Toyota Boshoku believes that it is imperative to enhance engineering capabilities and expertise in the manufacturing of seat frames to become a seat supplier that is able to rival world-class seat manufacturers. Toyota Boshoku considered that the integration of its seat frame business with the mechanical seat frame component business operated by Aisin Seiki and Shiroki would enable Toyota Boshoku to further increase its technology development capabilities and to deliver ever-better seats with higher added value that meet the various needs of automakers.
Thus, Toyota Boshoku proposed acquisition of the mechanical seat frame component business. Toyota Boshoku, Aisin Seiki, and Shiroki have now reached an agreement based on a thorough process of discussions.

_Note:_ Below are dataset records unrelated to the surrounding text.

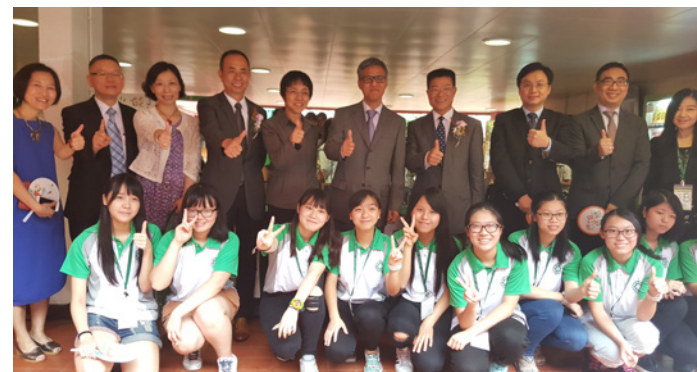
The Creative Art-ship Products Fair
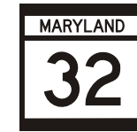
M1-6 24"X24" 30"X24" 36"X36" 48"X48"
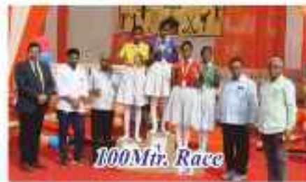
100 Mtr. Race
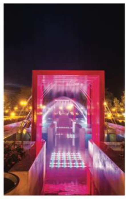
First of a kind water show with bright lights is another beautiful attraction.
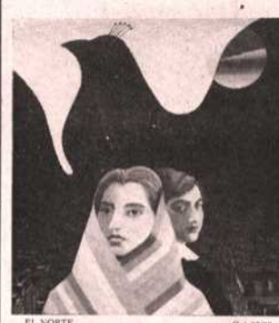
EL NORTE Oct 27/28
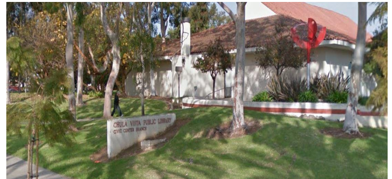
Civic Center & South Libraries Repairs - $1.5m
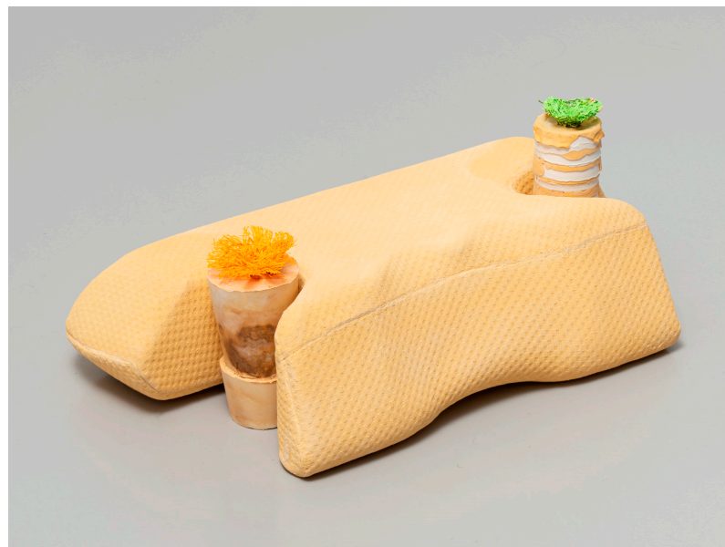
Figure 3. Veronica Ryan, Infection III , 2020, plaster, paper netting, cast of CPAP medical cushion. Copyright Veronica Ryan. Courtesy of the artist, Alison Jacques, London and Paula Cooper Gallery, New York.

Within the formal and material vocabularies that Ryan has developed since her career as a sculptor began in the 1980s, some of the most immediate explorations of care manifest in references to, and uses of, pillows. Several sculptures in Infection incorporate medical pillows, as did other works in Along a Spectrum , including for example an eye-popping hot fuchsia cushion shaped like a double donut which hung from the wall. The main section of Infection III (2020) consists of a yellow CPAP pillow, a rigid rectangular shape with two semi-circular holes cut into either end (Figure 3). These holes provide space for the mask and tube sometimes diagnosed for sufferers of sleep apnea, which regulates their breathing through the night. Designed for propping and supporting the body—by implication the body in pain or discomfort, or in need of rest—the pillows link to the infrastructure of the care industry which Vergès, Fraser, and others have highlighted as an acute site of the contemporary care crisis, exemplifying how devalued care work is gendered and racialized (Vergès [2019] 2021, p. 78).
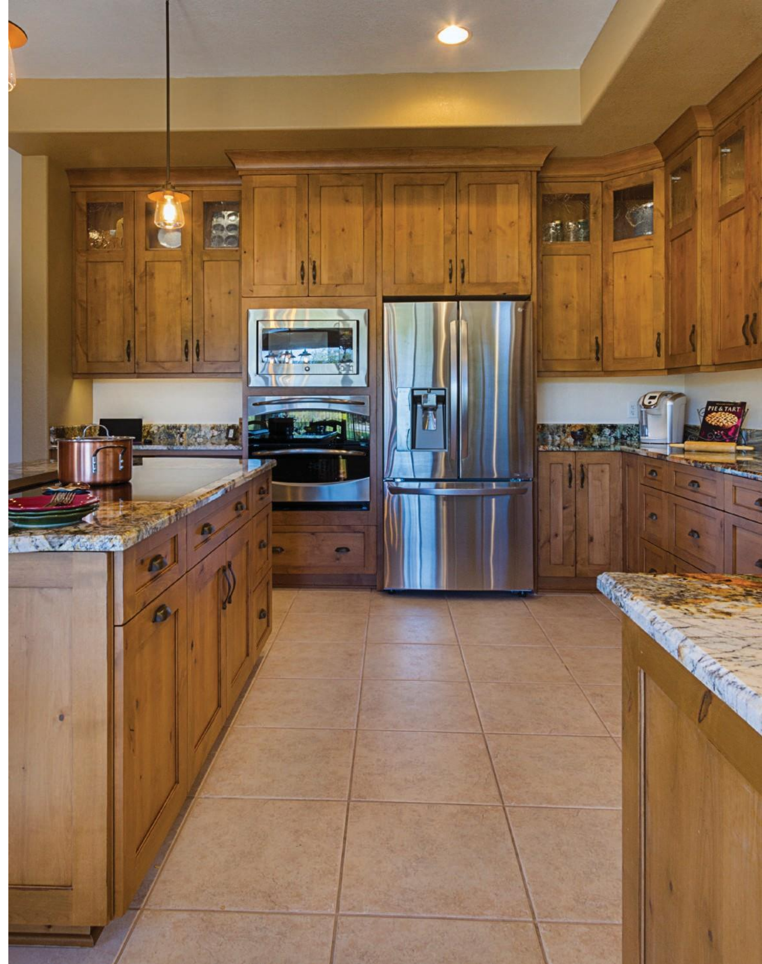
Seabrook door, S-edge shape, Manor Flat drawer, Knotty Alder, Rustic Timber
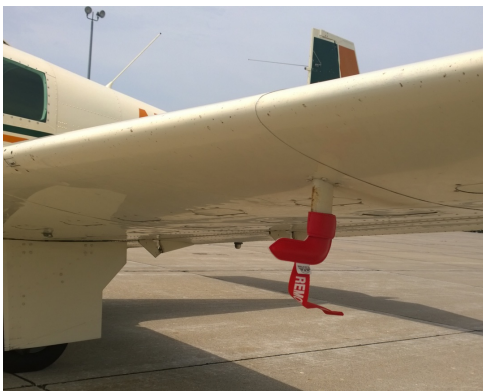
Mooney Pitot Cover
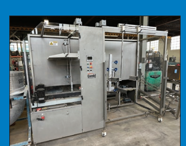
Combi 2EZXL Box Taper

Currently, Toyota Boshoku, Aisin Seiki, and Shiroki develop and manufacture seat frame components. Seats are supplied to Toyota from Toyota Boshoku, which develops automotive interior systems. Mechanical components that make up seat frames, such as recliners (a mechanism for adjusting the backrest angle) and slide rails (a mechanism for adjusting the seating position forward/backward), are supplied to Toyota Boshoku from Aisin Seiki and Shiroki.
The operations of Aisin Seiki and Shiroki's development and manufacturing of mechanical seat frames components will be transferred to Toyota Boshoku in stages, in order to establish an integrated system from development to production.
By the end of 2015, the development operations will be consolidated, and the details of the transfer, including the manufacturing operations, will be determined on the condition that necessary procedures will be followed and compliance will be ensured in accordance with applicable competition laws in each of the respective countries.